EXERCISE: Each line in these records that contains "with" counts once. Give the number only.

___ DATA IN THIS EXERCISE

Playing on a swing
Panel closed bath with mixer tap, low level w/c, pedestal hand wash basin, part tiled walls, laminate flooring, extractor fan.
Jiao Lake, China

______
___ DATA IN THIS EXERCISE

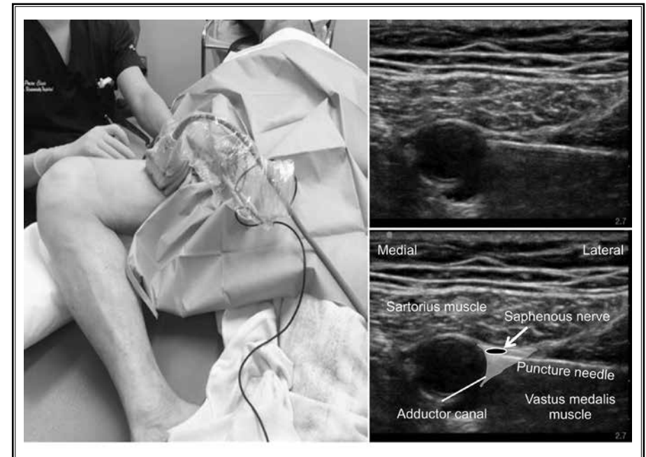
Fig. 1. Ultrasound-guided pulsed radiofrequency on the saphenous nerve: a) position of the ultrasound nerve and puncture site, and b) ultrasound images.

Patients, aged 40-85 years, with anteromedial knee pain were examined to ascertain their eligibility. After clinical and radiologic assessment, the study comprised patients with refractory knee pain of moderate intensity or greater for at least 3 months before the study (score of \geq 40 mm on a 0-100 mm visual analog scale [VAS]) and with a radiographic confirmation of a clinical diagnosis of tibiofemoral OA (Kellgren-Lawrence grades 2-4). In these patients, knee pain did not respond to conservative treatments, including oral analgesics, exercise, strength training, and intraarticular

______
___ DATA IN THIS EXERCISE

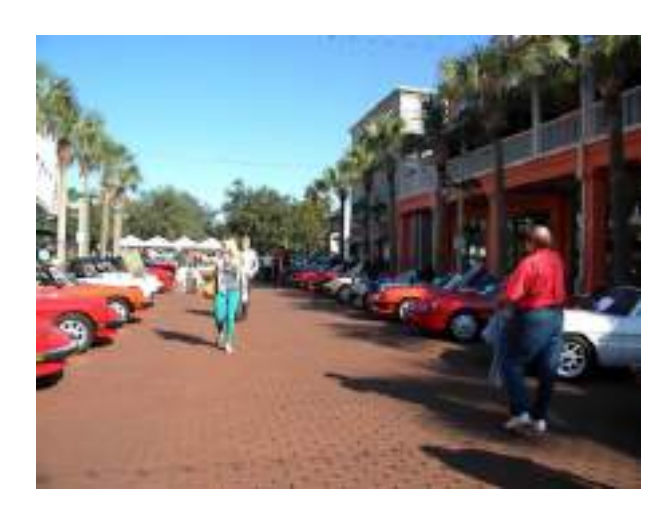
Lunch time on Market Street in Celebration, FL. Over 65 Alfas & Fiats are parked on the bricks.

______

RESULT OF THE EXERCISE: 2